Matt Kingswood of ITS UK examines the challenges and opportunities around this new style of IT service delivery

A recent survey by Gartner found that 45 per cent of CIOs currently use a bimodal IT service management strategy. This method of service delivery allows IT teams to split their focus into two separate, coherent modes: stability and agility. The first mode involves the operational side of IT, in which the team focuses on the safety and reliability of an organisation’s IT environment. This includes daily tasks such as troubleshooting issues and helpdesk functions. The second mode, which is the crux of bimodal IT, is centred on innovation and allows the IT team to experiment and identify new ways of using technology to meet the fast-evolving demands of the business.

By 2017, Gartner predicts that 75 per cent of organisations will have implemented bimodal IT strategies. Why the sudden interest in this new approach to IT service delivery?

In short, by separating IT functions, businesses are able to continually adapt to rapid business growth, develop products and services driven by new technologies, and identify different applications of current technologies.

Bimodal IT challenges
For mid-market businesses, which typically have limited IT staff, ensuring that technology keeps pace with business demands is a challenge. Many CIOs may feel that their IT spending is weighted too heavily toward the maintenance side of IT, leaving little room for new projects.

The trouble is that, if IT staff are too consumed with troubleshooting and helpdesk issues and do not have the time to accommodate new developments, users tend to resort to shadow IT. As other business units take it upon themselves to implement IT solutions that meet their specific needs, the IT team’s role of maintaining the organisation’s infrastructure is threatened, as they are not able to support new technologies they are not aware are being used internally.

Innovation plays a key role in advancing business, but organisations cannot afford for their service delivery times to suffer. A business that outsources helpdesk, for instance, needs to ensure that who they are partnering with is equipped to quickly and efficiently troubleshoot issues. Otherwise the organisation’s ability to continue business as usual is inhibited, which could compromise future progress.

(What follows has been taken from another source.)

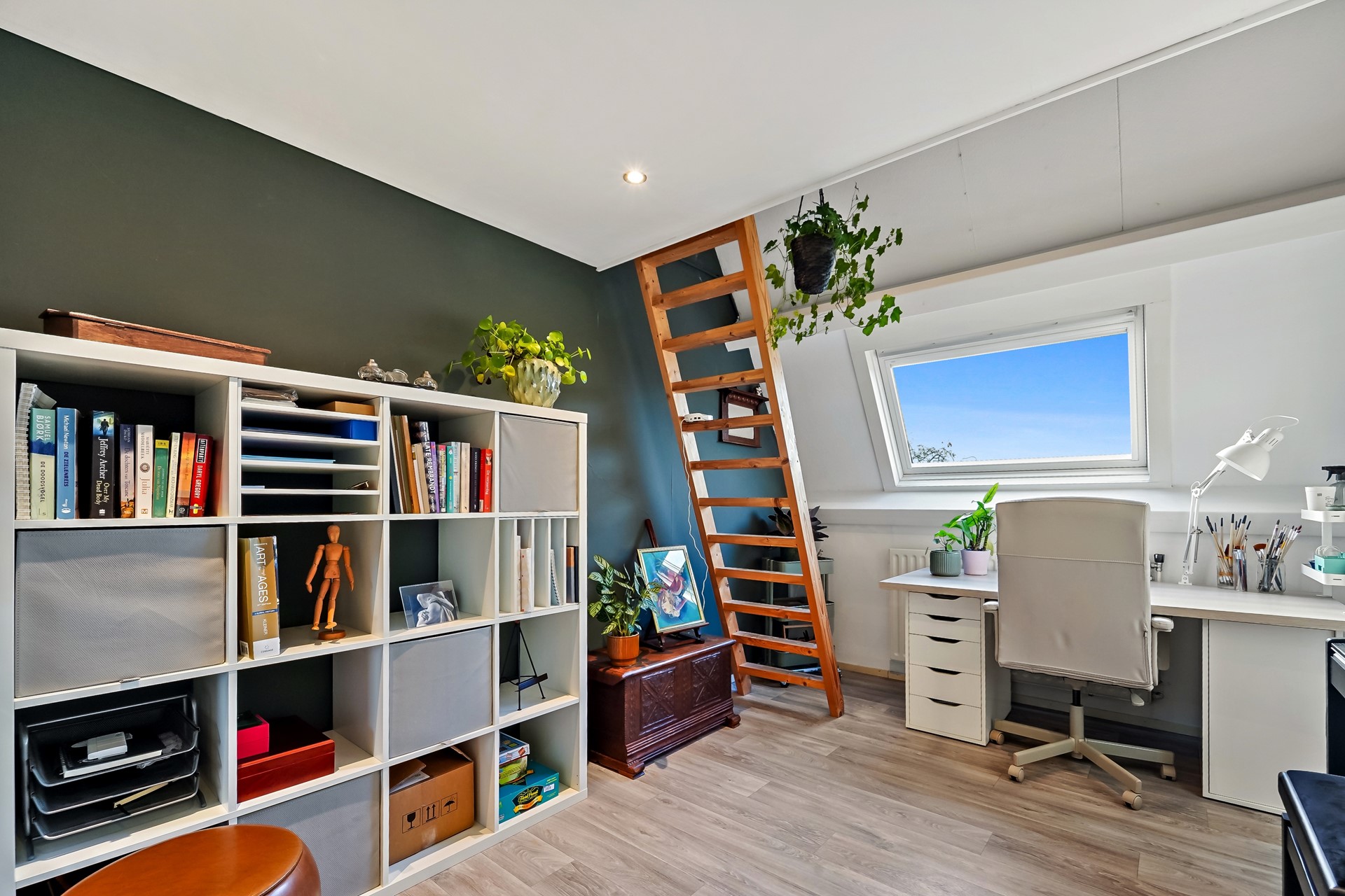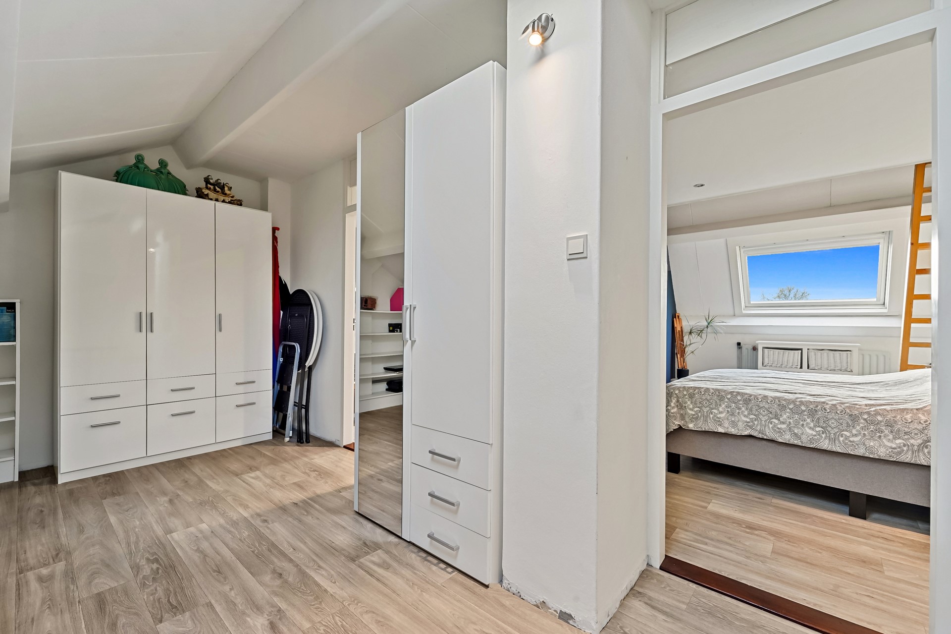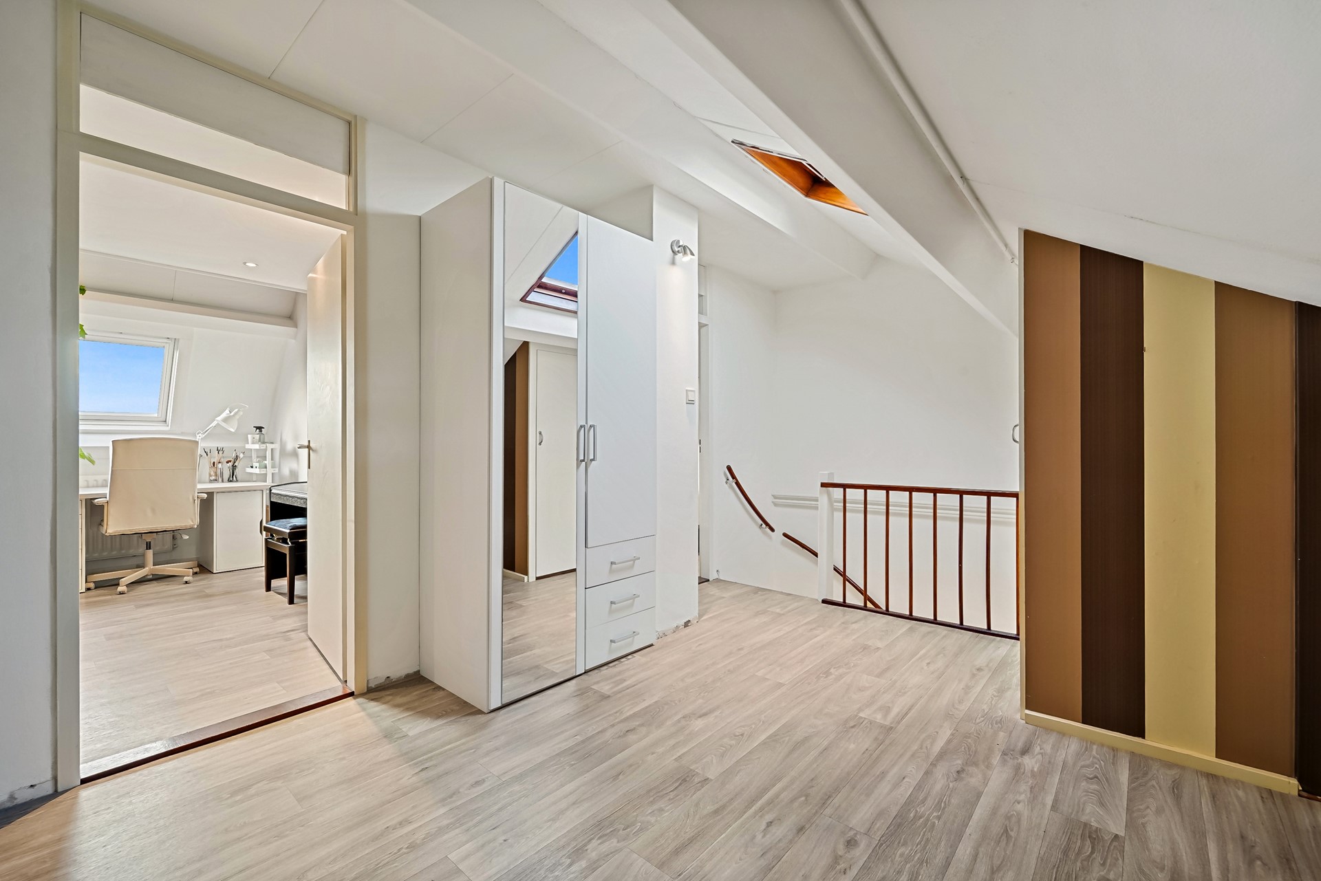 De tweede verdieping van deze woning is echt een volwaardige verdieping met twee grote slaap- annex werkkamers en een overloop met veel bergruimte. Beide slaap-/werkkamers beschikken over een Velux dakraam en dankzij de hoge nok van deze woning is de vide optimaal benut. Dankzij de vaste trappen zijn hier leuke slaapruimtes van gemaakt. Er is veel bergruimte onder het schuine gedeelte aan de achterzijde van de woning.
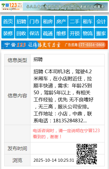 招聘 C本司机3名,驾驶4.2米厢车,在小店附近住,拉顺丰快递,需求: 年龄25到50,驾龄5年以上,有相关工作经验,优先 无不良嗜好,无三高,服从公司安排。工作地址:小店,中鼎,联系电话:18135284832 【电话咨询时,请一定说明在太原生活网看到的,谢谢!】 |

How businesses are achieving bimodal IT
To adopt a bimodal IT service delivery strategy that allows IT to take a more holistic role in the business, some organisations are choosing to outsource basic IT functions such as helpdesk. Gartner believes that with the changes in the nature of IT sourcing, smaller IT suppliers will be able to respond quickly to requirements, while also scaling solutions more quickly by utilising cloud capabilities.

By outsourcing IT functions to a managed service provider (MSP), internal staff are then free to invest more time in IT innovation, perhaps even developing their own skunkworks that allows the business to remain agile in a competitive marketplace.

Although it might not be feasible for a mid-market business to implement a bimodal IT strategy with dedicated internal staff, that does not mean innovation is out of the question. Outsourcing basic maintenance functions such as helpdesk can help the business prioritise progress.